A Thrill Ride
Tim Jacobi adores hurtling through the air, whipping around hairpin turns and feeling his stomach do loops. The Berkeley Engineering master’s candidate in mechanical engineering is a roller coaster junkie. “It’s such a rush, basically,” explains Jacobi, who traces his passion to his early teens.
These days, Jacobi, a 30-year-old father, is experiencing a new thrill: He designs amusement park rides for Logan, Utah, manufacturer S & S Worldwide. His latest—and perhaps most spine-tingling—assignment involves devising the launch system for what is expected to be the world’s fastest pneumatically launched roller coaster. The ride, set to debut in Germany next year, will propel passengers from 0 to 135 mph in less than three seconds.
“It’s going to be an eye-opener,” promises Jacobi, who put his graduate studies on temporary hiatus in 2004 to join a small cadre of mechanical engineers specializing in roller coasters. He hopes to complete his UC Berkeley degree this month.
“I always thought roller coasters were cool,” says Jacobi, a Durham, N.C., native who recalls the excitement of his first ride, aboard a suspended coaster known as the Hangman at the now-shuttered Opryland theme park in Nashville, Tennessee. Along with his zeal for riding them, Jacobi says roller coasters are “really interesting engineering challenges.” Designing a ride means grappling with such factors as fluids, dynamics, machine design and stress analysis.
“There are good coasters and bad coasters,” says Jacobi. “It’s not easy to design a good ride.” Jacobi ought to know. He regularly explores amusement parks on out-of-town trips and figures he’s visited half of those that exist nationwide.
Jacobi’s engineering path has taken its own share of twists and turns. As a Yale undergraduate, he weighed several career options before turning to mechanical engineering. He graduated in 2000 and spent a year doing engineering analysis for Zamperla, a ride manufacturer in Vicenza, Italy. Returning to the United States as the amusement industry tanked following the September 11 terrorist attacks, Jacobi signed on as a maintenance worker at Playland Park in Rye, N.Y. By the fall of 2003, he decided it was time for more schooling and headed to Cal, where he studied mechanical design with Professor Alice Agogino.
Jacobi cut his studies short in 2004 when a dream job opened at S & S. “I decided to jump on it,” he says, hoping eventually to find time to write his thesis and complete one remaining class for his degree. “It was clear that his passion was roller coaster engineering, and we figured out a way to make that dream happen,” says Agogino of her first-ever student specializing in roller coasters.
Since joining S & S, Jacobi has worked on more than a dozen big projects, including swing rides—attractions with gigantic pendulum arms that soar back and forth. One of the biggest is the Skyhawk, a ride in Ohio’s Cedar Point amusement park that sends riders flying 125 feet in the air.

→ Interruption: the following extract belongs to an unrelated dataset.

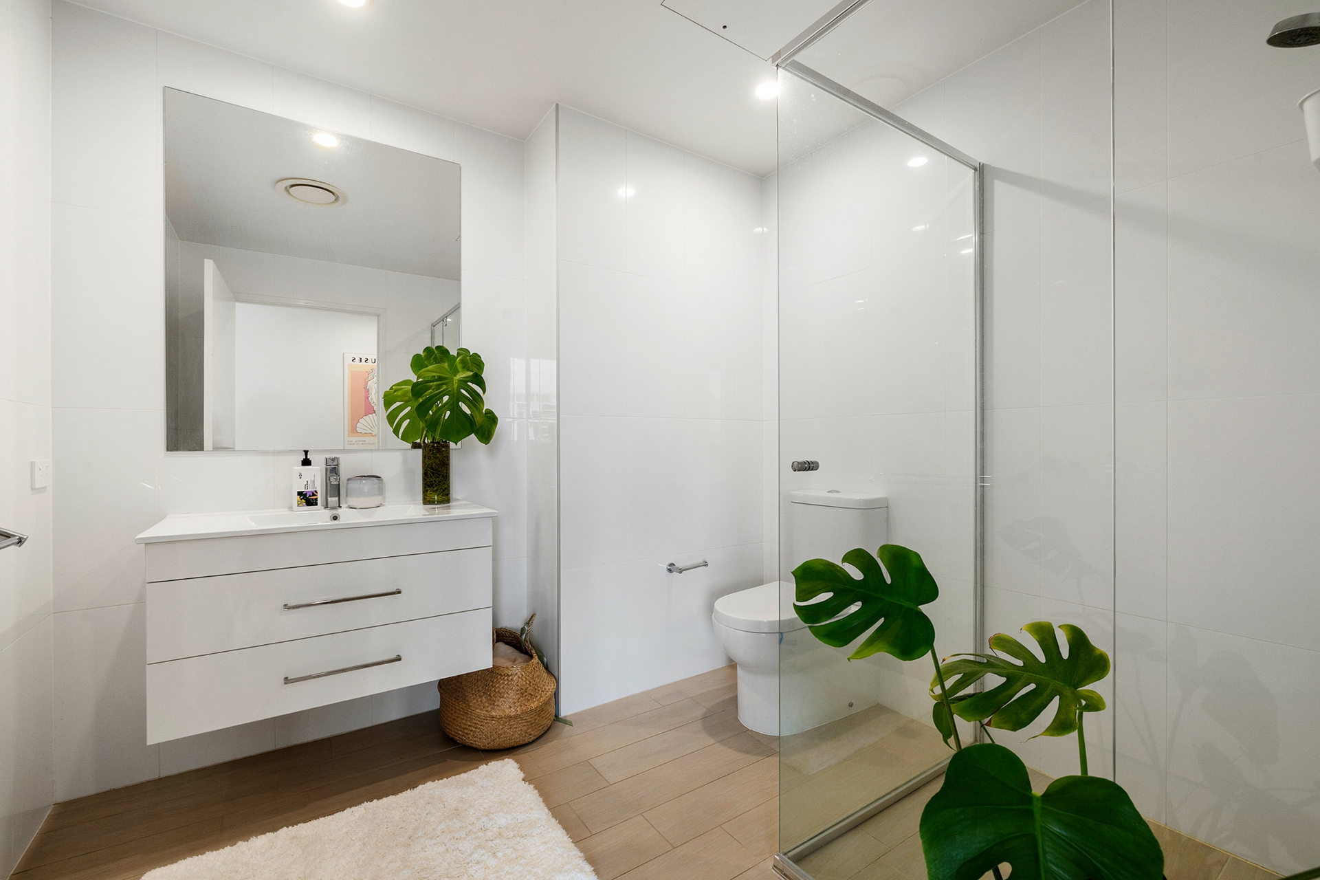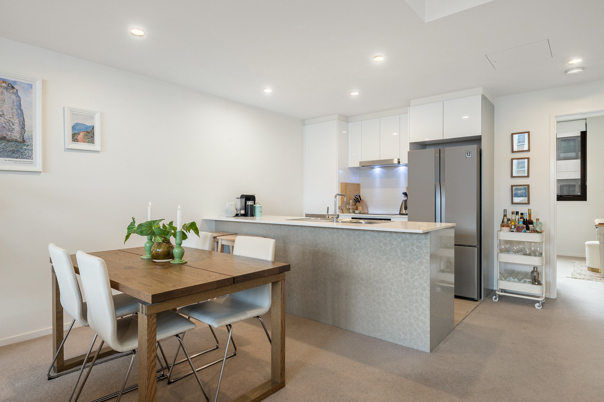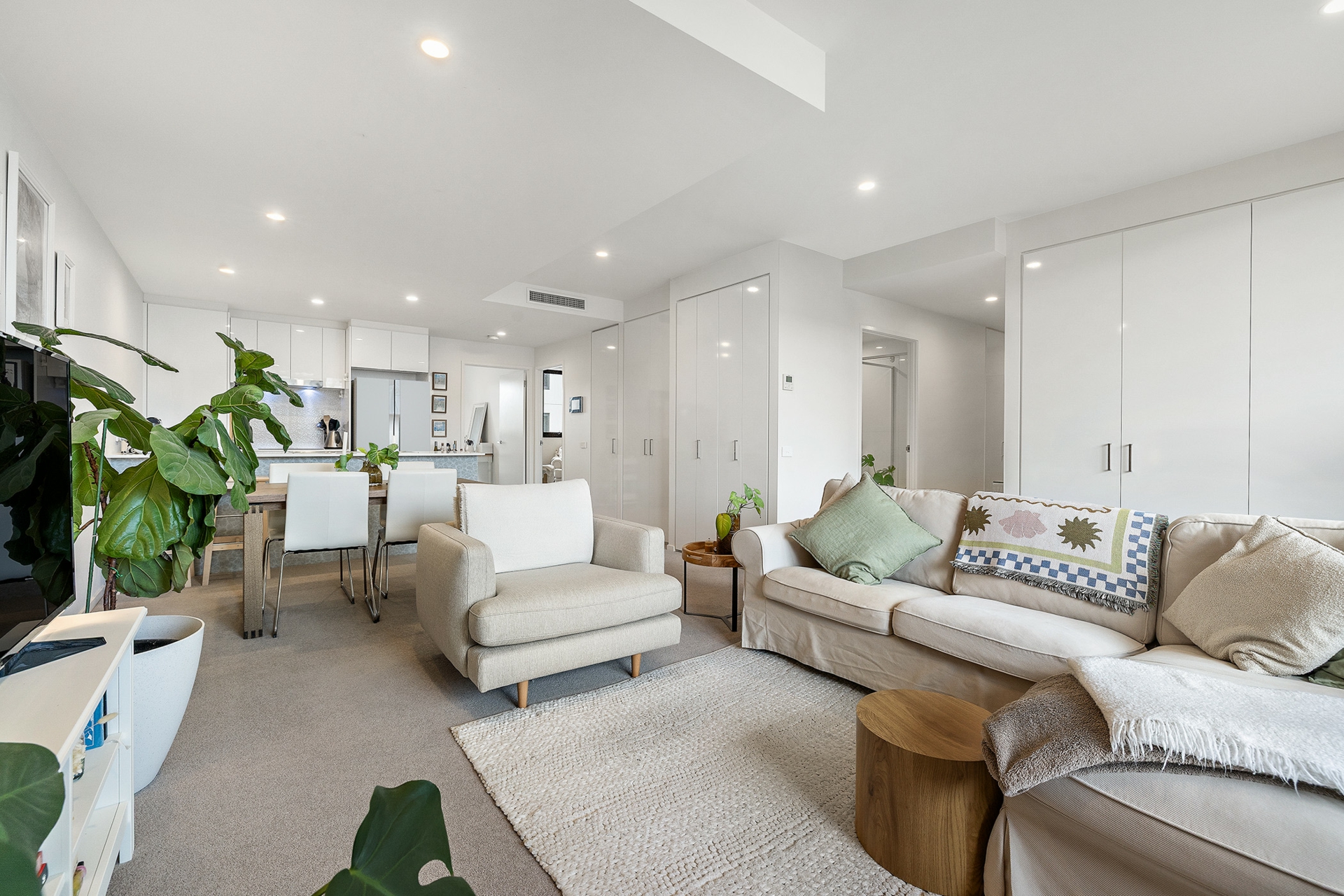 Storage is exceptional, with six (yes, six) cleverly integrated cupboards in the living space. A European laundry is neatly tucked away, and ducted reverse-cycle heating and cooling ensure year-round comfort.

While creating such excitement is an obvious goal, Jacobi considers safety a priority. Rides must have an inherently sound design, he says, and include redundant safety features and/or safety factors requiring structural elements that are many times stronger than needed for the loads they carry. “On real critical areas, where people’s lives are depending on it, you overdesign for it,” Jacobi says. “We’re morally responsible to be safe.”
Jacobi has seen two of his proposals get built—the Huckleberry Splash, a 12-passenger family water plunge, and a 1,200-foot-long roller coaster dubbed the Eagle. The Huckleberry started as a theoretical concept for Jacobi’s thesis. It became reality after S&S CEO Stan Checketts got interested enough to install a mockup in his swimming pool and then construct the ride for a local amusement park. The Eagle—inspired by a toy from Jacobi’s childhood—is set to be built in a Swedish amusement park next spring.
“The industry always needs new concepts,” says Jacobi, who doesn’t appear short on ideas. Rides with blistering speeds of 135 mph are “for people who are looking for a rush. I definitely identify with them.”